Pinker goes on to make the case that the world is getting better on metrics as diverse as violence, literacy, poverty, and even probability of being killed by a lightning strike.
Good news doesn’t give us the same cheap thrill as bad news, but in times like these, subscribe to a good news site or two—there are dozens—to restore your faith in humanity.
Tip #3: Take a break from social media.
Social media has become not only a way to see our high school classmates’ most recent vacation photos and videos of that raccoon in Minnesota, but also the best (or maybe we should say worst?) source of news, both real and fake.
A study out of the University of Copenhagen asked half of a group of over 1,000 participants to quit Facebook for a week, while the other half carried on as usual. Those on a Facebook fast reported better life satisfaction, and, notably, felt more positive emotion.

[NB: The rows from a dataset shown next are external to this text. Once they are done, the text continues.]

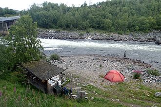 We ended up putting up the tent at 9:30 pm after the last fisherman had left. We had a terrific night's sleep with the roar of the river to lull us! We planned a leisurely start but woke around 6:30 am. One of the Finnish fishermen who was fishing last night was already back in his gear and on the bank. He was a friendly chap. I went up across the bridge to use the toilet at the car park and saw a large herd of reindeer swimming across the river just above the rapids. Not sure why they don't use the bridge! It was an amazing sight. One adult and two young one's got swept down the rapids but two made their way to shore from there; must be strong swimmers. One of the babies was swept downstream and I watched from the bridge as he made a huge effort to get out of the strong flow of the water. He managed to haul himself out at a flat rock near the fisherman and Mike at the shelter below. The fisherman called out to Mike and they watched as the little thing just stood there shivering and bleating. I went on to the toilet and when I got back to the campsite I saw the baby reindeer trying to get across the road. How it made it's way back to the herd I don't know.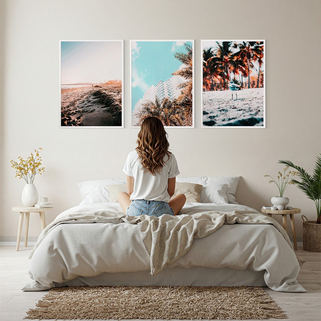 Przenieś piękno sztuki do swojego domu dzięki naszemu starannie skomponowanemu produktowi zestaw obrazów plaża, palmy, budynek. Każdy plakat, oprawiony w elegancką ramę, łączy w sobie estetykę i trwałość. Uniwersalne wzornictwo sprawia, że te dekoracje ścienne doskonale komponują się z różnymi stylami wnętrz, od nowoczesnych po klasyczne. Łatwość montażu pozwala na szybką i bezproblemową metamorfozę Twojej przestrzeni. To również idealny pomysł na wyszukany prezent, który z pewnością zachwyci.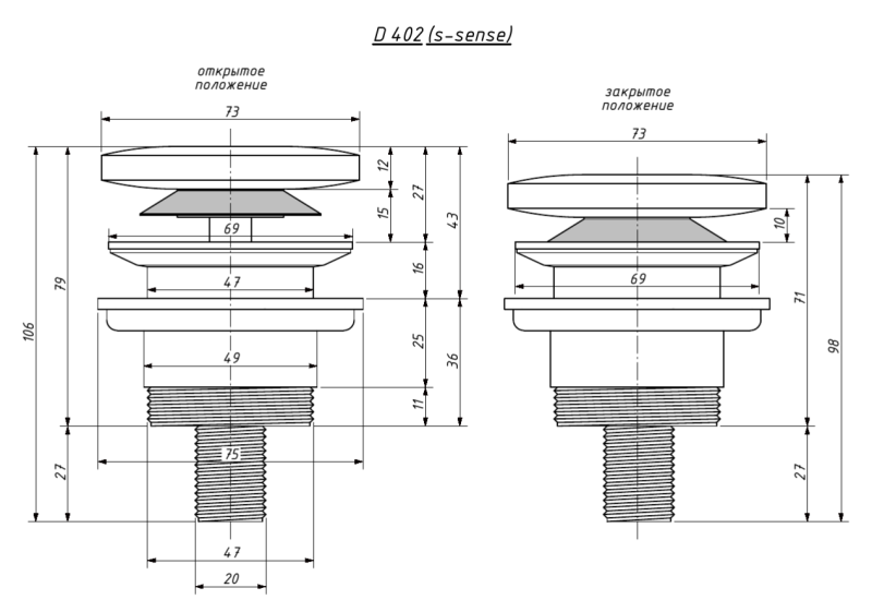 Лаконичный донный клапан модификации Click-Clack. Конструкция изделия спроектирована таким образом, чтобы всего одним нажатием можно было закрыть или открыть сливное отверстие. Это очень удобно и не требует дополнительных усилий.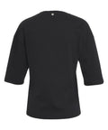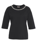 Questa t-shirt in puro cotone è un'aggiunta lussuosa per ogni guardaroba. Si distingue per un'elegante scollatura rotonda, impreziosita da brillanti applicazioni di strass. Le maniche a tre quarti offrono una vestibilità versatile e sottolineano il suo carattere elegante.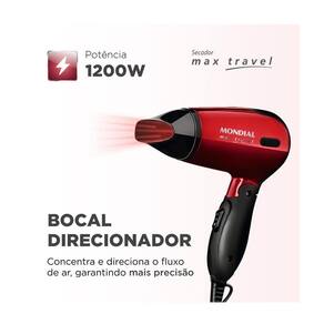 Secador de cabelo mondial max travel 1200w bivolt - sc-10potente e compacto: leve seu secador para onde quiser o secador max travel é a melhor opção para suas viagens. Por conta do cabo dobrável, cabe na bolsa ou mala com facilidade. Além disso, possui 1.200w de potência e proporciona uma secagem rápida.Características do produto:- portátil: cabo dobrável: o max travel tem design leve e compacto, além de cabo dobrável. Você dobra e encaixa seu aparelho na bolsa ou na mala com facilidade. Incrível, né Leve seu secador para qualquer lugar.- 1.200w: potência suficiente para deixar seu cabelo seco, modelado e lindo com rapidez e eficiência.- bivolt:: use seu secador de cabelo em qualquer tomada: 127v e 220v.- bocal direcionador de ar: o acessório concentra e direciona o fluxo de ar, proporcionando uma secagem mais precisa.- 2 velocidades + 2 temperaturas: escolha o que mais se adequa ao seu tipo de cabelo.- alça para pendurar: ajuda a pendurar o secador durante o uso e facilita o armazenamento.Especificações técnicas:modelo: sc-10voltagem: bivoltpotência: 1200wcor: preto/vermelhocontrole de velocidade: 2níveis de temperatura: 2comprimento do cabo: 1,50mgrade traseira removível: simjato de ar frio: simgarantia: 12 meses pelo fabricante Ean: 7898578151223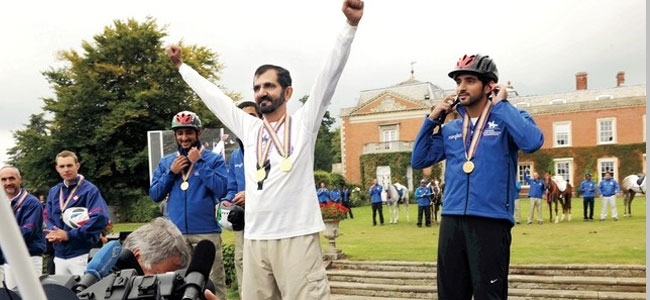 وتُوِّج فارس العرب صاحب السمو الشيخ محمد بن راشد آل مكتوم، أمس، في حفل عالمي أقيم أمس في أوستن بارك في بريطانيا، بذهبيتي بطولة العالم للقدرة 2012 لمسابقتي الفردي والفرق، كما تُوِّج فرسان الإمارات بالميداليات الذهبية لبطولة الفرق.
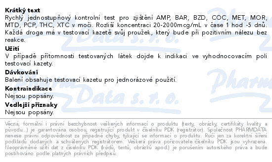 Rychlý jednostupňový kontrolní test pro zjištění AMP, BAR, BZD, COC, MET, MOR, MTD, PCP, THC, XTC v moči. Rozliší koncentraci 20-2000mcg/mL v čase 1 hod -5 dnů. Každá droga má v testovací kazetě svůj proužek, který bude při pozitivním nálezu bez reakce.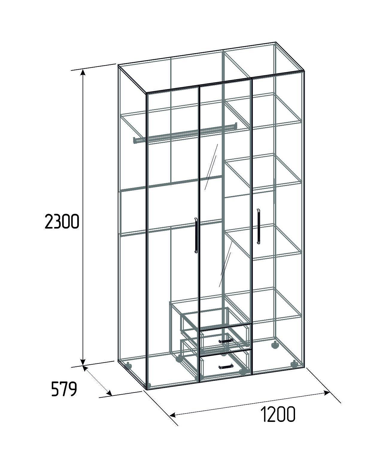 Шкаф платяной Монако 444 создан фабрикой Глазов-Мебель (Россия) и входит в серию Монако. Зеркальный, матовый фасад изготовлен из качественных и долговечных материалов (ЛДСП Е1, стекло) и гармонично дополняет матовый корпус шкафа. Шкаф платяной Монако 444 наиболее актуален для таких зон, как гостиная, кабинет, прихожая, спальня и имеет следующие габариты: 1200 мм. в ширину, 2300 мм. в высоту, глубина шкафа составляет 579 мм. В комплектацию данной модели входит 1 штанга для вешалок, 2 ящика, 3 дверцы, 5 полок, входящие в комплект, а срок изготовления обычно не превышает 3 суток. На товар распространяется гарантия 24 месяцев. Приобрести шкаф платяной монако 444 можно в интернет-магазине Mebelion.ru за 23979 руб.
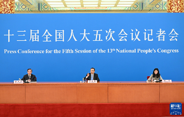 3月11日上午,十三屆全國人大五次會議在北京人民大會堂舉行記者會,國務(wù)院總理李克強應(yīng)大會發(fā)言人張業(yè)遂的邀請出席記者會,并回答中外記者提問。新華社記者 李鑫 攝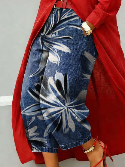 Women's Free-spirited Floral Decorative Pattern Denim Pants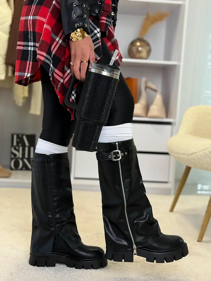 Štýlová aj v sychravom počasí? Čižmy perfektne doplnia napríklad slim džínsy a vestu z kožušinky.

This makes sense: a reprieve from social media not only gives us a break from the envy of the highlight reel, but also the whipsawing that comes from news clickbait in our feeds. It more than makes up for possibly missing out on the Australian giant cow.
Tip #4: Look out for each other.
Listener Lynne is concerned about the world and its people, so when she asks about happiness, she doesn’t just mean Crazy Rich Asians bachelor party pleasures. She’s likely looking for meaning as well.
Luckily, there is a way to make two Pop Tarts with one toaster: strong social connections. A study out of Florida State University examined almost 400 participants and assessed which traits and activities were most related to happiness or meaning.
What went along with both? High-quality social relationships. There were nuances: hanging out with friends was linked more strongly to happiness than meaning, while spending time with family—like taking care of kids—was meaningful but not necessarily happy. Likewise, being a giver was meaningful, while takers were happier. But overall, connecting with others is the key to finding comfort and happiness in the shadow of today’s headlines. I guess company is actually the antidote for misery.
So to Lynne and the millions in the same boat: hang in there. Feel what you feel, let it compel you to action, search out good news as a counterweight, take a break when you need it, and most importantly, go hang out with your friends and loved ones. Even when the headlines read like a dystopian novel, remember there can still be a happy ending.